→ **What you should do**:
What are the lines, word for word, from the line with "Celebration Gems 10k" up to and including the line with "ПЛК для HVAC" in the records below? Omit the pictures.

→ **Data in this exercise**:
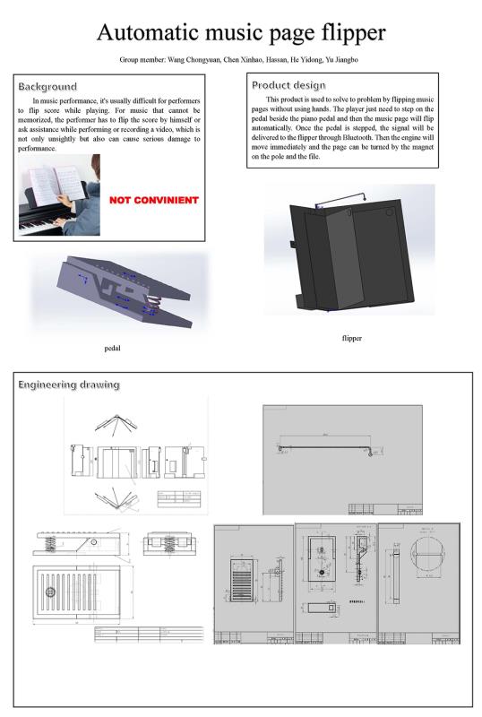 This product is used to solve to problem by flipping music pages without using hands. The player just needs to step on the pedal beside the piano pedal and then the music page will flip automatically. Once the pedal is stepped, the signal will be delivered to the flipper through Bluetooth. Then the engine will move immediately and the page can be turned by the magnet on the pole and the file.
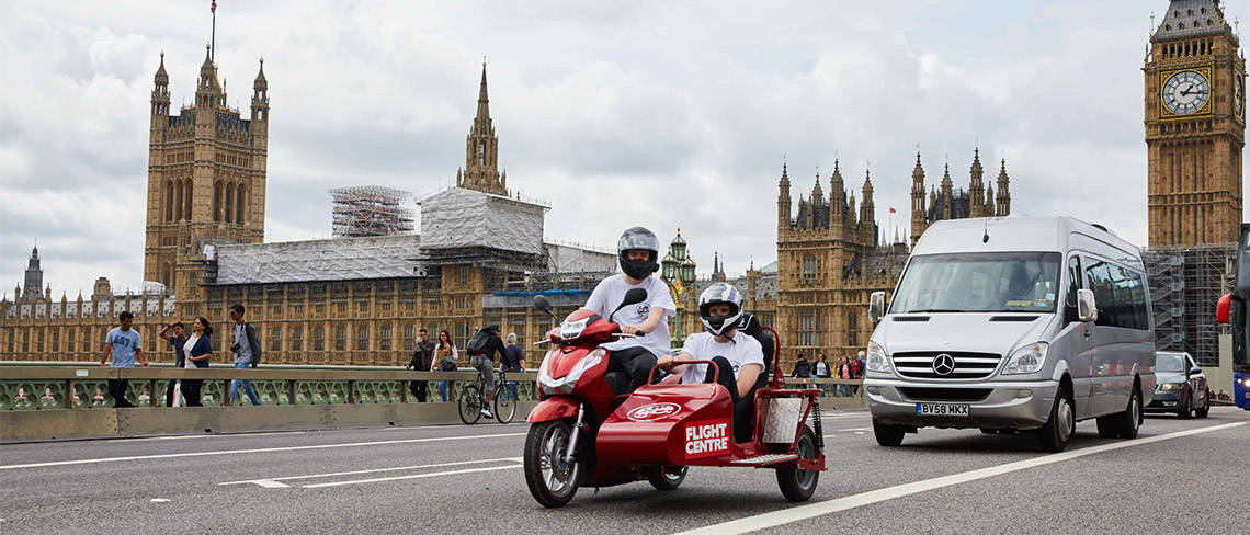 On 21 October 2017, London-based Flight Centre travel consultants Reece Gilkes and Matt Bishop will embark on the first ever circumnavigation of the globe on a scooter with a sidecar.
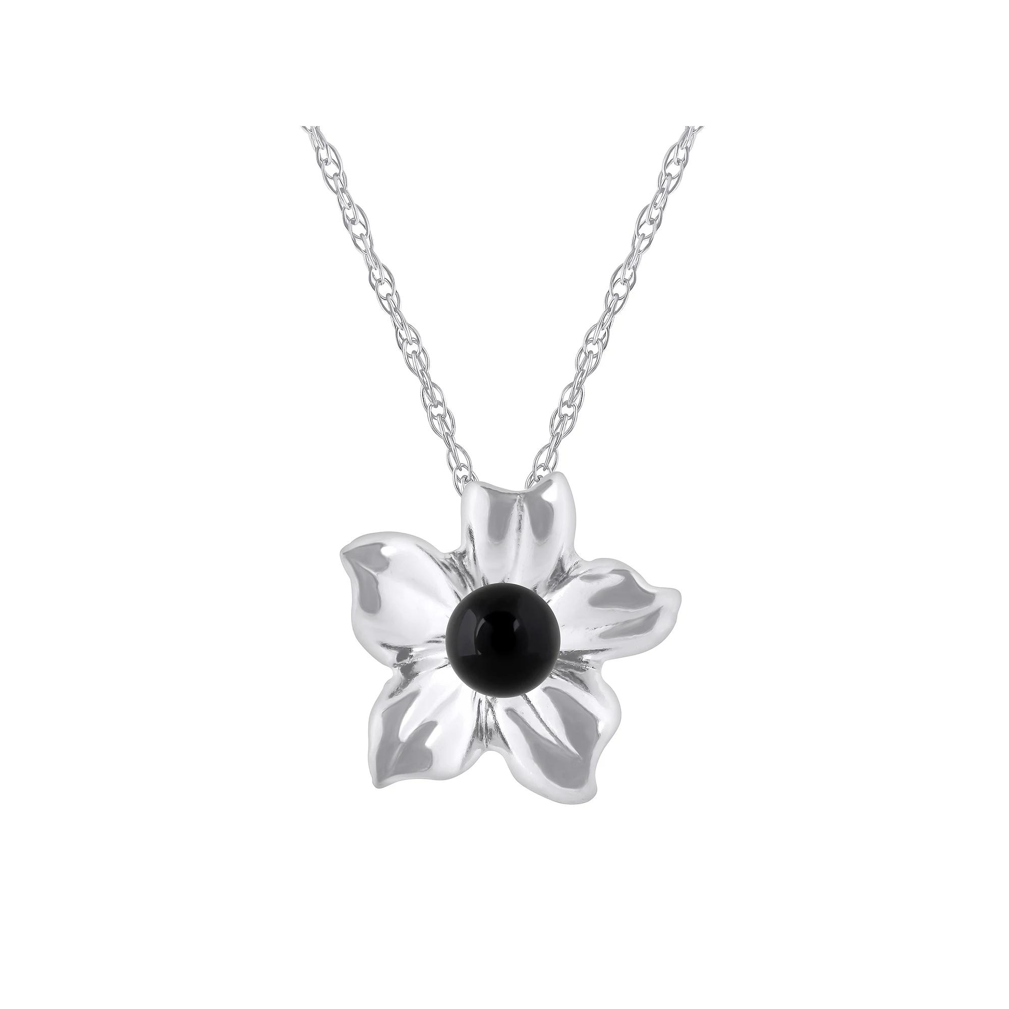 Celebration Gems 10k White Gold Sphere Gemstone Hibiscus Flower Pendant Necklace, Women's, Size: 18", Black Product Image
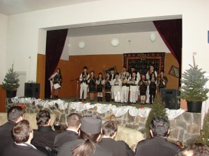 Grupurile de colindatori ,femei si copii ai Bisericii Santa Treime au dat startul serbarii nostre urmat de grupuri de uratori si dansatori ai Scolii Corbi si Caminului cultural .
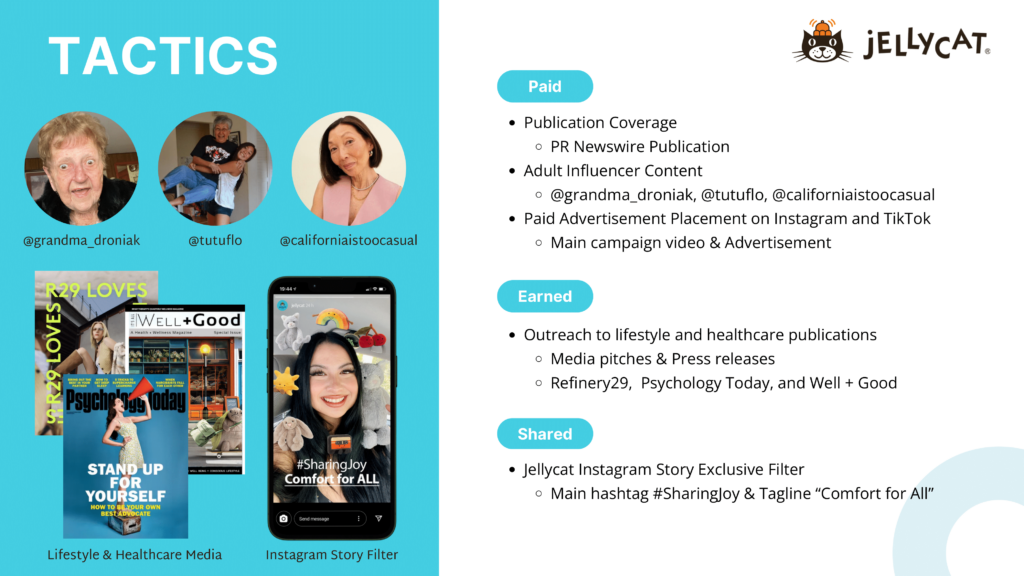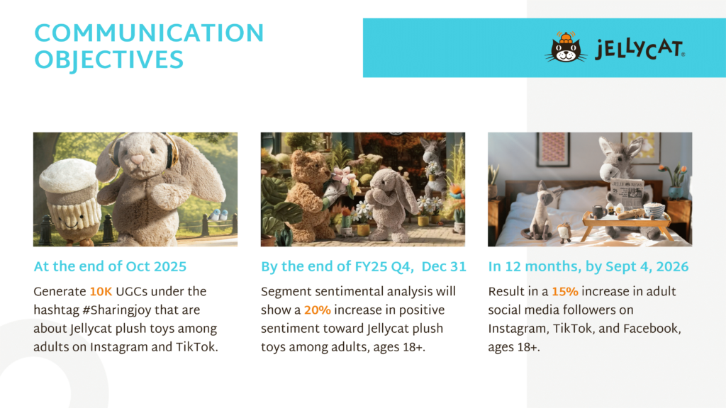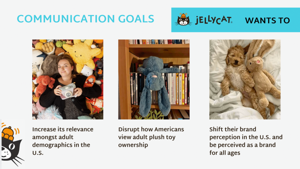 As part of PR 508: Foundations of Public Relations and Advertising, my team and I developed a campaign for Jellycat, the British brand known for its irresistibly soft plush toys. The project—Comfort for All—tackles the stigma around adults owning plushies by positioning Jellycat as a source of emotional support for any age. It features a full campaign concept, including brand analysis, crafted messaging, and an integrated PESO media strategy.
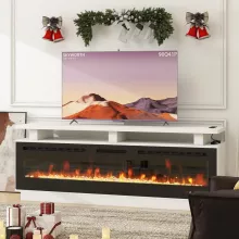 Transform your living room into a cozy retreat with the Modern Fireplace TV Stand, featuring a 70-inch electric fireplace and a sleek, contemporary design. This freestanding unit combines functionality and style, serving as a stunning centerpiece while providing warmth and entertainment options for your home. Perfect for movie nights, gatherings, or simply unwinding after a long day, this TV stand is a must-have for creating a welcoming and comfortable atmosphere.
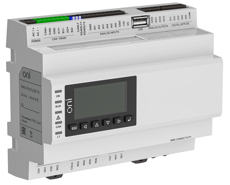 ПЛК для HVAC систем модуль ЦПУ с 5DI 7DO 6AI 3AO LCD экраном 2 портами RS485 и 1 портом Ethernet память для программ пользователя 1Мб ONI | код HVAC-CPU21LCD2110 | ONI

==

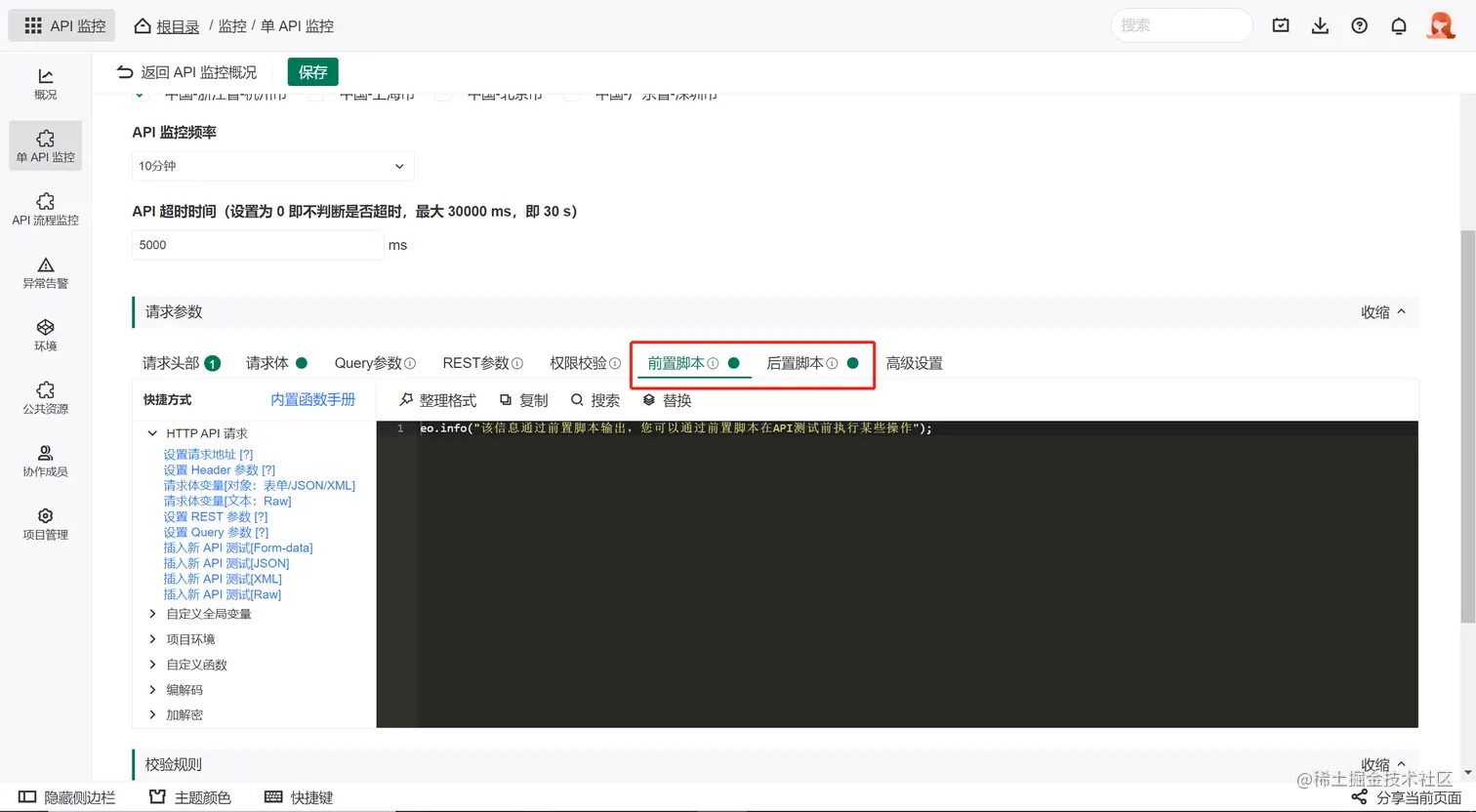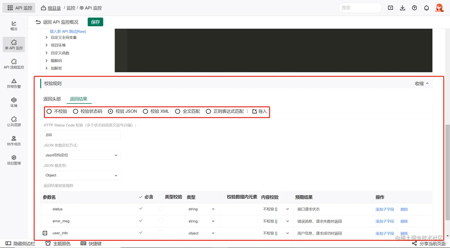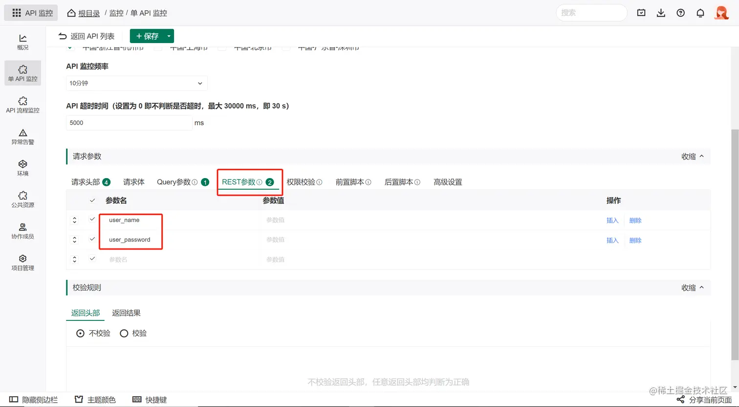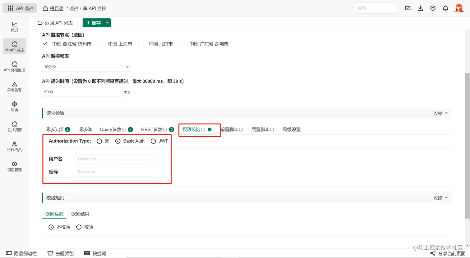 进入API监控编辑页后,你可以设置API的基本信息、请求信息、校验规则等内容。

→ **Answer box**:
 Celebration Gems 10k White Gold Sphere Gemstone Hibiscus Flower Pendant Necklace, Women's, Size: 18", Black Product Image
 Grupurile de colindatori ,femei si copii ai Bisericii Santa Treime au dat startul serbarii nostre urmat de grupuri de uratori si dansatori ai Scolii Corbi si Caminului cultural .
 As part of PR 508: Foundations of Public Relations and Advertising, my team and I developed a campaign for Jellycat, the British brand known for its irresistibly soft plush toys. The project—Comfort for All—tackles the stigma around adults owning plushies by positioning Jellycat as a source of emotional support for any age. It features a full campaign concept, including brand analysis, crafted messaging, and an integrated PESO media strategy.
 Transform your living room into a cozy retreat with the Modern Fireplace TV Stand, featuring a 70-inch electric fireplace and a sleek, contemporary design. This freestanding unit combines functionality and style, serving as a stunning centerpiece while providing warmth and entertainment options for your home. Perfect for movie nights, gatherings, or simply unwinding after a long day, this TV stand is a must-have for creating a welcoming and comfortable atmosphere.
 ПЛК для HVAC систем модуль ЦПУ с 5DI 7DO 6AI 3AO LCD экраном 2 портами RS485 и 1 портом Ethernet память для программ пользователя 1Мб ONI | код HVAC-CPU21LCD2110 | ONI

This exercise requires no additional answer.